You have been tested for Mpox (formerly known as monkeypox) virus.

We think it is likely that you have the infection. This is the advice we give to people who have Mpox. We recommend that you follow it until your result is available. The test is sent to a specialist lab and the results take at least 72 hours.

You can stop following this advice if your Mpox result is negative (clear).

You will receive a text with your Mpox result. If you are positive, you will be called by the local health protection team who will provide further advice and information regarding vaccination for any contacts. You will receive further follow up from our virtual hub team via a dedicated app who will check on your general welfare while you are isolating.

Your sexual health test results will be sent separately.

Stay at home

You should isolate at home to reduce the chance of passing the virus to others. Don’t go to work, education settings, or socialise with friends. If you live with other people, keep at least 1m apart, try and stay in a separate room or wear a mask.

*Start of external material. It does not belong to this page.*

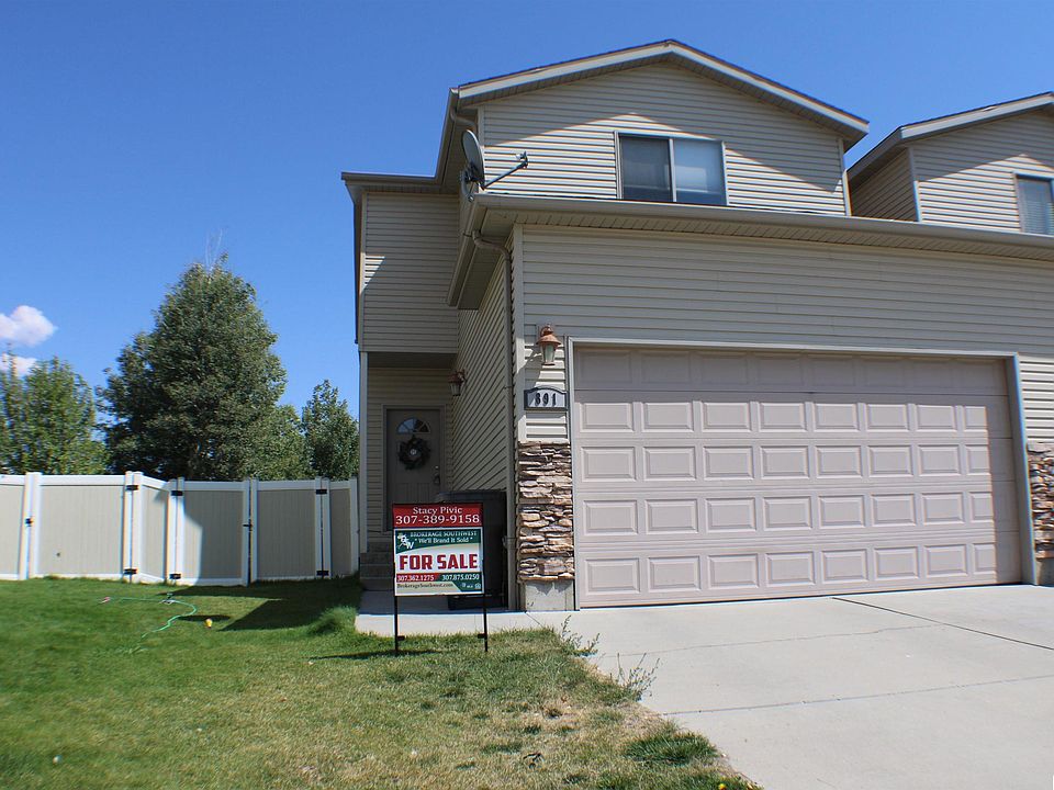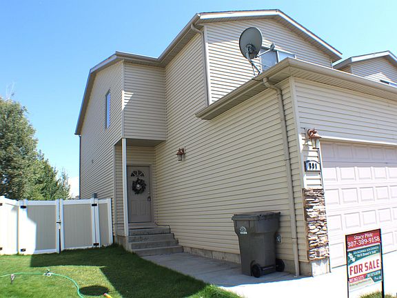 This move-in-ready twin home is well maintained! Enter this two-story residence featuring three bedrooms and two and a half baths, with an open floor plan that includes a large kitchen with knotty pine cabinetry, a beverage bar with additional counter space, a pantry, and stainless steel appliances. The living room features a built-in entertainment center and opens up to a spacious deck and yard. For added convenience, there is a half bath on the main level. The upper level boasts three bedrooms, including a generous main suite with two closets and a private bathroom, along with a main bathroom and a laundry room. The home is situated on a large lot with a vinyl fence and a storage shed. A new hot water heater was recently installed! This well-built home is constructed by Haden Construction and is conveniently located near shopping and schools. Contact Stacy Pivic at 307-389-9158 to see this home or for more information!

Some groups of people are more likely to have complications from Mpox. You should avoid contact with pregnant women, children aged 16 and under and people with severe immunosuppression (eg a person with HIV who is not on treatment and has a CD4 count of less than 200 or someone having cancer treatment with chemotherapy).

Wash your clothes, bedding and towels separately on a hot wash (60°C). Clean surfaces that are used by other people with alcohol or chlorine-based wipes/detergents (eg door handles, taps, bath etc). Wash plates and cutlery separately with warm water and washing up liquid. Leave to air dry.

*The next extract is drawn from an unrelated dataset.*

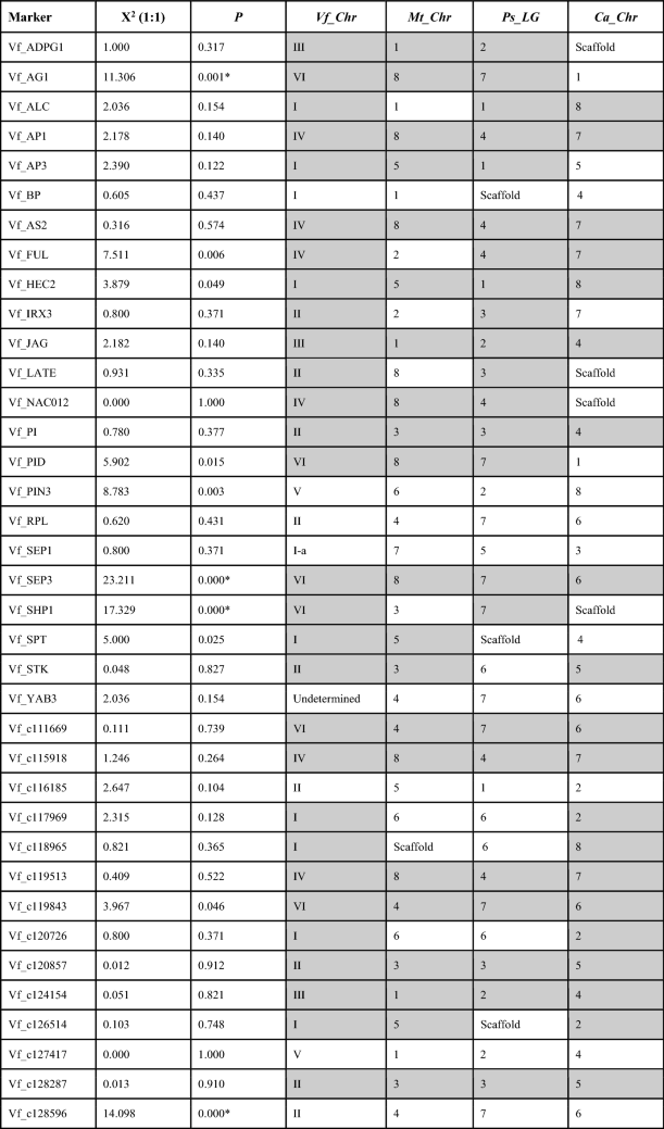 Table 3 Genetic segregation, chi-square test and location of the dehiscence related gene markers in faba bean (Vf) and related legume species: Mt, Medicago truncatula; Ps, Pisum sativum; Ca, Cicer arietinum.
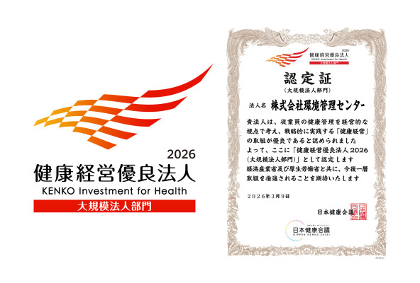 株式会社環境管理センター(本社:東京都八王子市 代表取締役社長:水落憲吾、以下「当社」)は、このたび「健康経営優良法人2026(大規模法人部門)」に認定されました。なお、本認定は昨年に引き続きの取得となります。

Rubbish bags should be placed in a second tied bag before placing in the bin.

Look after yourself

Mpox is a relatively mild infection for most people. It usually settles within three weeks without special treatment. Taking regular paracetamol or ibuprofen can help fever/aches/pain.

Sometimes the spots (lesions) can become infected or merge to cause painful ulcers. Call us if the area around the spots becomes red, swollen and/or painful. We’re also here if the ulcers are making it difficult for you to go to the toilet or eat and drink.

You should also seek medical advice if you have over 100 lesions, if any lesions affect your eyes or if you develop a cough or breathing problems.

If you need to speak a member of the team about your symptoms please give us a call on 07584 640 235.

  • Monday 9am-4pm
  • Tuesday 9am-4pm
  • Wednesday 1pm-4pm
  • Thursday 9am-4pm
  • Friday 9am-4pm

Please contact Chelsea and Westminster on Sat and Sun 9am–9pm on 07805 813 558.

Outside these hours, please call 111 or 999 in an emergency, let the team know about your suspected Mpox infection.


If you have to travel (eg hospital appointment) it is best to walk, cycle or use your own car. If you have to use public transport, you should cover any lesions, wear a mask and travel at quieter times.


Mpox is thought to come from rodents (mice, rats etc) originally. As the infection can pass between species, you should avoid close contact with pets. Don’t let them sleep in the bed with you.


You should avoid all skin to skin contact with other people until the lesions have healed. It is recommended that people use condoms for eight weeks after their last spot has healed.

When can I stop isolating?

You can stop isolating at home when:

  • You have not had a fever for at least 72 hours
  • You have had no new lesions for 48 hours
  • No lesions affect your mouth/eyes
  • All lesions on exposed areas have healed (face/hands etc)
  • Any other lesions have crusted over and can be covered with clothes

Continue to avoid pregnant people/children/immunosuppressed until all lesions are healed.

Public health will contact you

The smallpox vaccine provides some protection to people who have already been exposed to Mpox. Your local public health department will call to see if the vaccine should be offered to any of your recent contacts.